ACTIVITY:
When you reach the records below, output every one exactly as written but leave out any pictures.

(Stored data entries)
════════════════

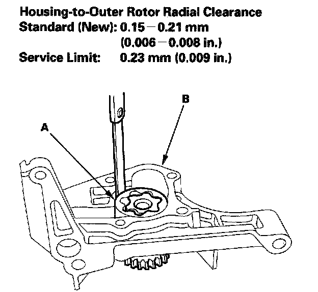 9. Check the housing-to-outer rotor radial clearance between the outer rotor (A) and pump housing (B). If the housing-to-outer rotor radial clearance exceeds the service limit, replace the outer rotor and oil pump housing.
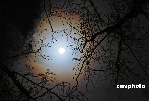 十二月十二日二十二時(shí),北京夜空中的明月出現(xiàn)一圈橙色月暈,該現(xiàn)象在云層映襯在月亮周圍時(shí)出現(xiàn)。據(jù)悉,十三日零時(shí)三十七分,月球、地球和太陽(yáng)排列成一條直線,此時(shí)月亮最圓,而在六時(shí),月球距離地球全年最近,月亮的視直徑最大。中新社發(fā) 廖攀 攝
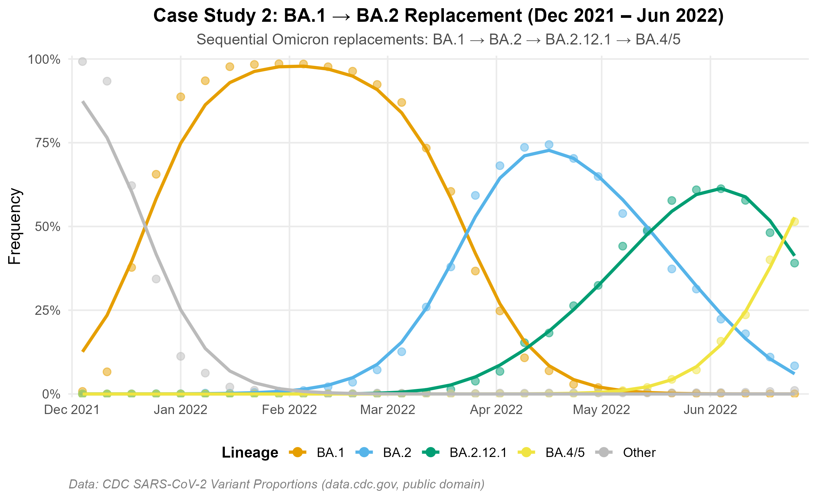 BA.1 → BA.2 period (Dec 2021 – Jun 2022): A well-characterized Omicron replacement wave with four sequential subvariant sweeps.
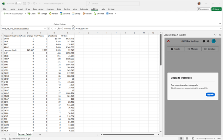 het geplande werkboek dat u van de lijst wilt omzetten, en selecteren. Het werkboek wordt gedownload en opent in een nieuw venster in Excel. U kunt het werkboek van erfenisReport Builder nu omzetten.
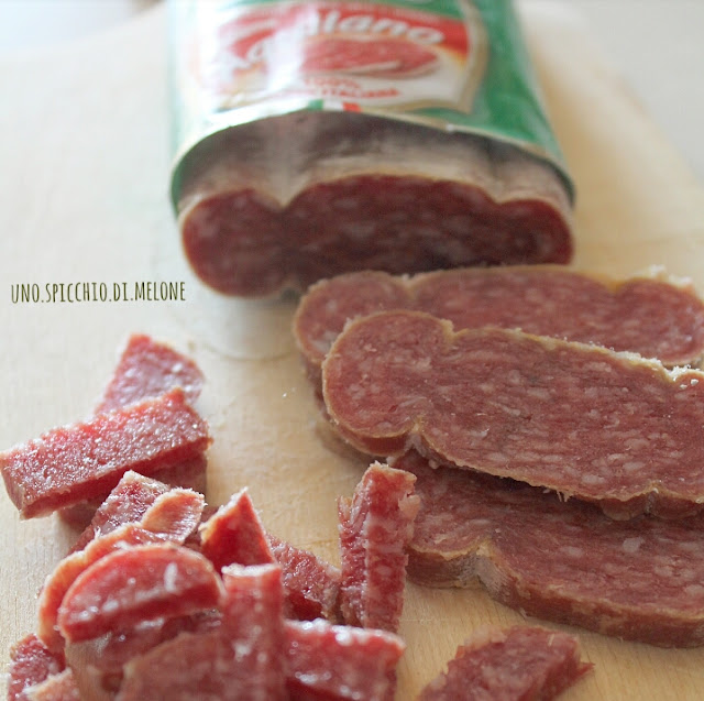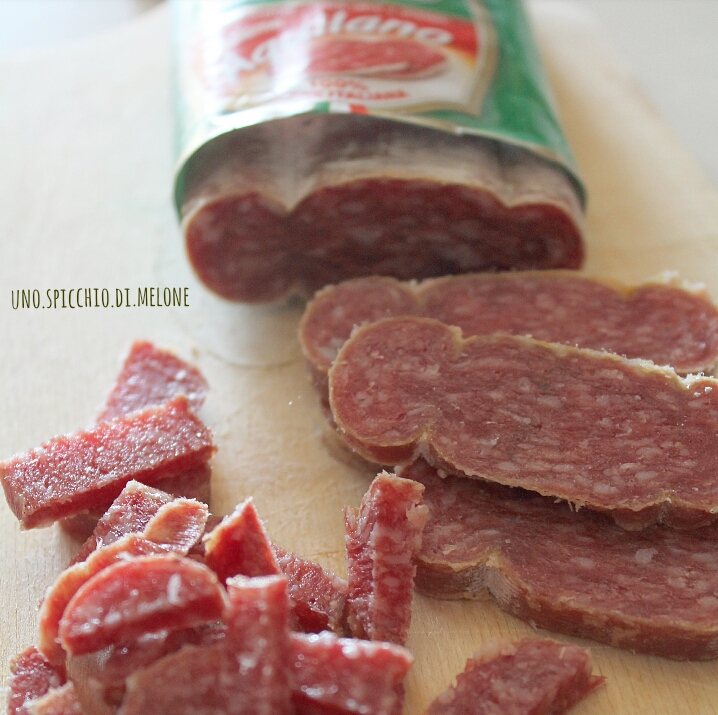 Intanto, preparate un bel vassoio, un po’ di salame e asiago tagliati a dadini da utilizzare come decorazione.
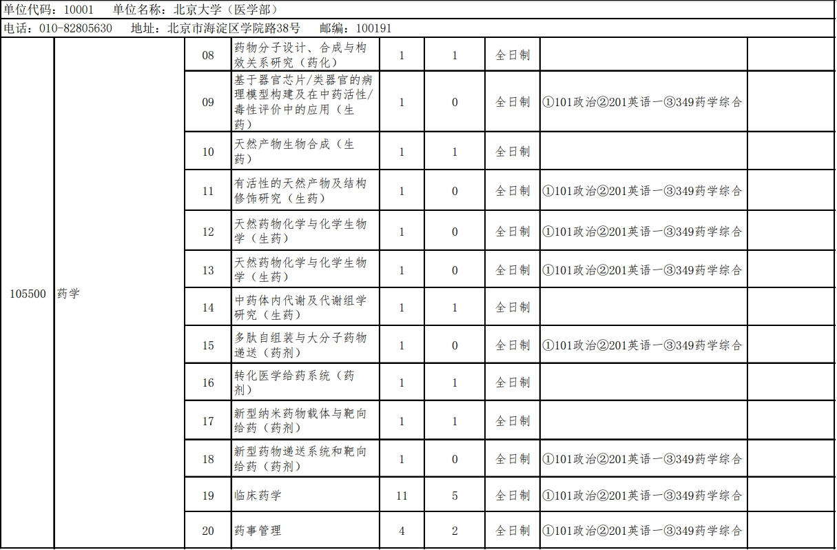 1055药学(专业学位)
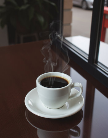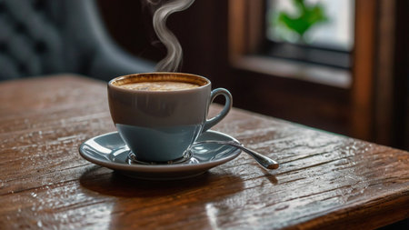 cup of hot coffee with foam and smoke on table in the morning. copyspace for your text

════════════════

SOLUTION FOR THIS TASK:
 9. Check the housing-to-outer rotor radial clearance between the outer rotor (A) and pump housing (B). If the housing-to-outer rotor radial clearance exceeds the service limit, replace the outer rotor and oil pump housing.
 十二月十二日二十二時(shí),北京夜空中的明月出現(xiàn)一圈橙色月暈,該現(xiàn)象在云層映襯在月亮周圍時(shí)出現(xiàn)。據(jù)悉,十三日零時(shí)三十七分,月球、地球和太陽(yáng)排列成一條直線,此時(shí)月亮最圓,而在六時(shí),月球距離地球全年最近,月亮的視直徑最大。中新社發(fā) 廖攀 攝
 BA.1 → BA.2 period (Dec 2021 – Jun 2022): A well-characterized Omicron replacement wave with four sequential subvariant sweeps.
 het geplande werkboek dat u van de lijst wilt omzetten, en selecteren. Het werkboek wordt gedownload en opent in een nieuw venster in Excel. U kunt het werkboek van erfenisReport Builder nu omzetten.
 Intanto, preparate un bel vassoio, un po’ di salame e asiago tagliati a dadini da utilizzare come decorazione.
 1055药学(专业学位)
 cup of hot coffee with foam and smoke on table in the morning. copyspace for your text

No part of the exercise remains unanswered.